My dad has a Mako with a Galvashield trailer. It is 3 years old and looks as good as the day he got it. All it has seen is saltwater.


----------



## dshawdog (Jul 28, 2009)

If Mako is Kenner hull, then all of the post about how good kenner's are could also be said about mako. If mako is kenner hull that is. I like the mako because it has a few features that seem to fit me. Light and easy to pull, small engine capabilities but still somewhat fast enough to get across water, breakaway tongue standard so it will fit in garage, rod holders under front deck, large live well, Large front and rear decks, shallow running for coast but ok for local lakes, just a few reasons i like mako. 
I also like mako because, even though they may not be the best dealership in the country, tracker is a mile from my home here in austin. Can't seem to find new center console boats in austin area affordable. Not going to buy $35, 000 boat that sits in garage more than it is on water. South austin boat dealership (I live north) refuses to deal. My friend bought his new ranger from dealership in Waco even though he told guys down south that if they could get within a few hundred dollars on the exact same boat in waco then he would buy from them. They refused. He bought boat in Waco. 
Someone convince me otherwise when it comes to mako. I'm listening. Need 18' boat that fits in garage and not a gas hog. What brands are out there new that fit my needs if mako is as you say ****. By the way, never test driven the mako boat on water so going on what i have seen in store and heard on this forum.


HEP ME


----------



## whistlingdixie (Jul 28, 2008)

If you want a real Kenner boat then check out the frontier F180.


----------



## TheSamarai (Jan 20, 2005)

The best boat is the one that is paid off or the one that you can afford to pay to use on a regular basis. I think that's all that matters.


----------



## draker3 (Jun 30, 2004)

TheSamarai said:


> The best boat is the one that is paid off or the one that you can afford to pay to use on a regular basis. I think that's all that matters.


 Right On!!!!!:bounce:


----------



## Cudkilla (Nov 5, 2004)

Ask the guys at Tracker up north in Austin and I am sure they can arrange for a ride for you. I bought my 2201 from them have been very happy with their service. Bought a Mako for the reasons you mentioned. Looked at all the other options in that range as well and the customer service at that store was what sold me.

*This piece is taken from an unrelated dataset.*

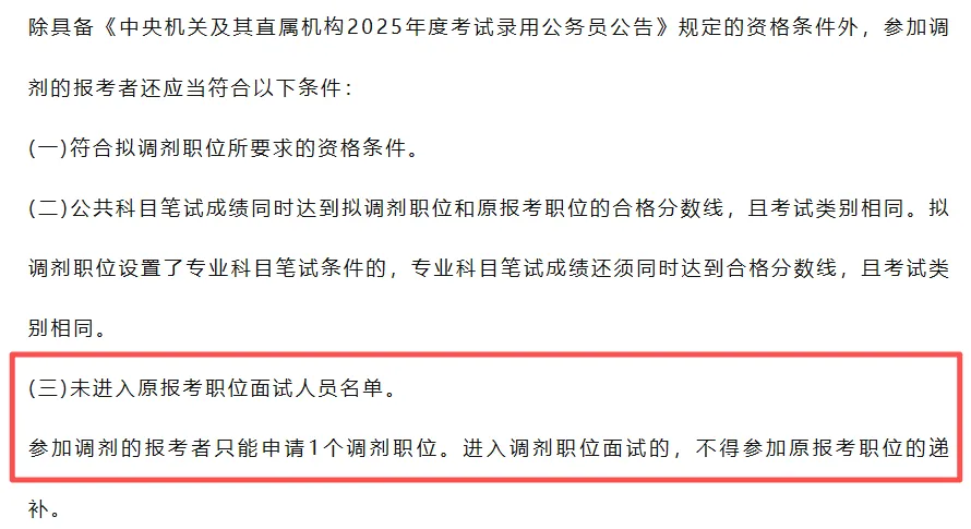 且入围名单里的排序,并非是按照排名来的。国考不公布排名,入面名单上面的顺序是按照准考证号的顺序排列的,不代表具体排名。进面名单上同岗位所有人的分数都显示为“最低面试分数”,看不到单人具体分数,若自己分数刚好为进面分,则有可能是该岗位的最后一名。进群,群内发进面名单。面试名单公布后,会在1~2天内发布调剂公告和调剂职位表,未进入首批面试名单的考生可以参与岗位调剂。参与调剂的报考者,需满足调剂岗位的报考条件,且笔试成绩同时达到拟调剂职位和原报考职位的合格分数线,且考试科目相同。调剂审查结束后,会再发一次调剂职位面试入围名单。(以2025年为例)

I took a look at the 18LTS there and must say that it should be a fast economical boat to buy and run if you like that kind of fishing.

80 MK will make that boat haul *** for sure, I'm sure more than 3 kts.

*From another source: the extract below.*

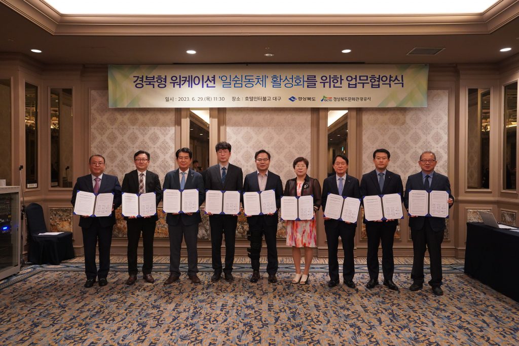 경상북도와 경북문화관광공사(사장 김성조, 이하 공사)는 29일 대구 인터불고 호텔에서 김학홍 경상북도 행정부지사, 대구·경북 상공회의소 등 7개 기관 관계자가 참석한 가운데 경북형 *워케이션‘일쉼동체’활성화를 위한 업무협약을 체결했다고 밝혔다.

You're gonna get lot's of guys bashing the mako line. Best get used to it. They feel they have to defend their choice in boats somehow. I must say so far I am very happy with my 2201. She runs 56 mph GPS with a 225 zuke and a T-top, and is drier going across Matagorda than my buddies' Bay Stealth or Blue Wave TE.

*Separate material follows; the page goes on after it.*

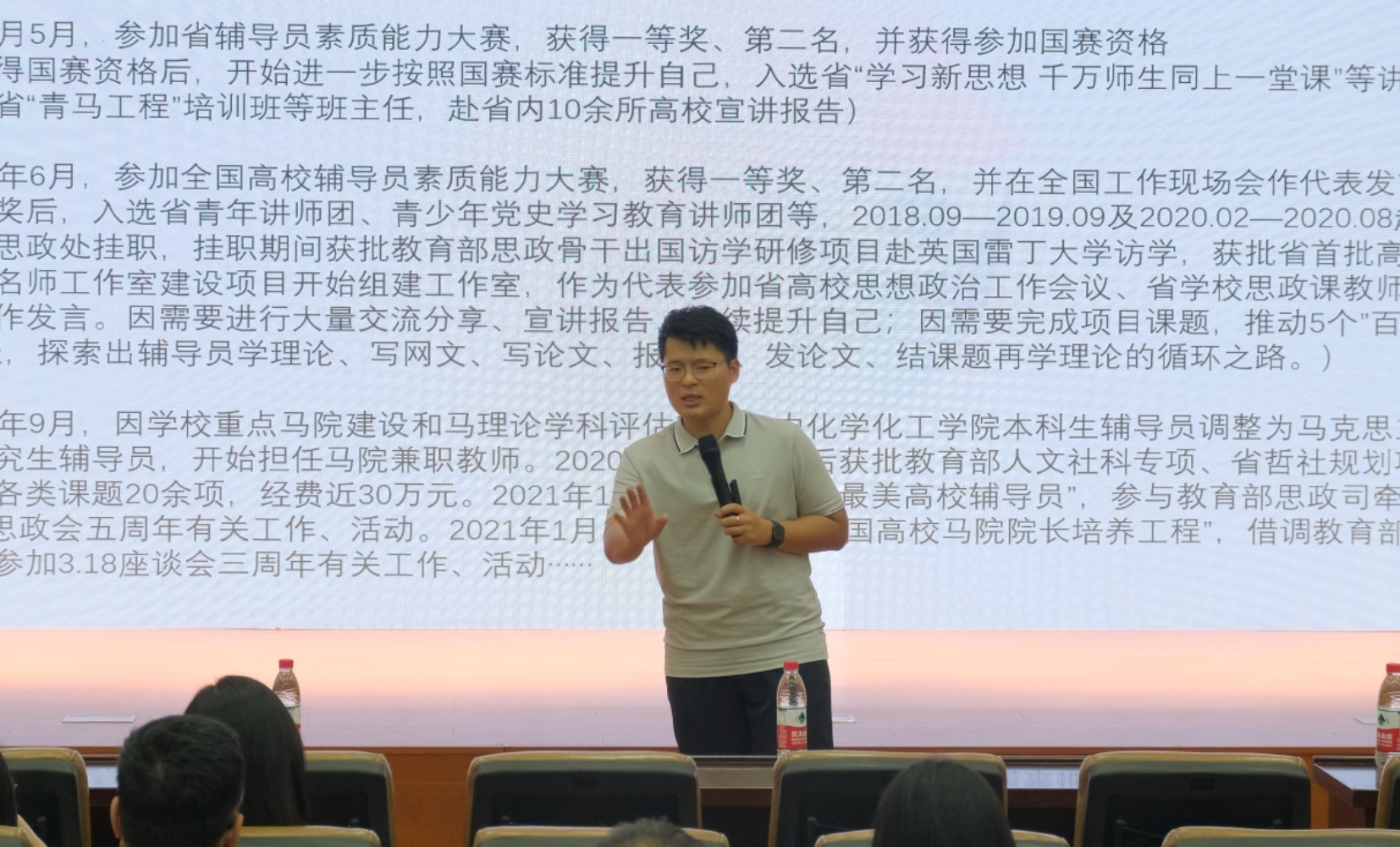 尹明做了《在理论学习提升中感悟思政育人力量》主题讲座。他系统总结了“一条主线、两种维度、三个遵循”的备赛思路,详细梳理与加强和改进大学生思想政治教育工作、推动辅导员工作专业化职业化有关的重要会议、政策文件,并且对理论知识各种不同的题型一一进行讲解,指导大家功夫用在平时,夯实理论功底、总结凝练提升。

Good luck with your decision.



dshawdog said:


> If Mako is Kenner hull, then all of the post about how good kenner's are could also be said about mako. If mako is kenner hull that is. I like the mako because it has a few features that seem to fit me. Light and easy to pull, small engine capabilities but still somewhat fast enough to get across water, breakaway tongue standard so it will fit in garage, rod holders under front deck, large live well, Large front and rear decks, shallow running for coast but ok for local lakes, just a few reasons i like mako.
> I also like mako because, even though they may not be the best dealership in the country, tracker is a mile from my home here in austin. Can't seem to find new center console boats in austin area affordable. Not going to buy $35, 000 boat that sits in garage more than it is on water. South austin boat dealership (I live north) refuses to deal. My friend bought his new ranger from dealership in Waco even though he told guys down south that if they could get within a few hundred dollars on the exact same boat in waco then he would buy from them. They refused. He bought boat in Waco.
> Someone convince me otherwise when it comes to mako. I'm listening. Need 18' boat that fits in garage and not a gas hog. What brands are out there new that fit my needs if mako is as you say ****. By the way, never test driven the mako boat on water so going on what i have seen in store and heard on this forum.
> 
> HEP ME


----------



## arius felis (Jun 12, 2007)

love mine 22' , just wish i could get up on plane in less then 2 foot of water .


----------



## hooknbullet2 (Jan 17, 2006)

Kenner/Mako is a good boat. 

I own a 2004 18vx and it does what I need. 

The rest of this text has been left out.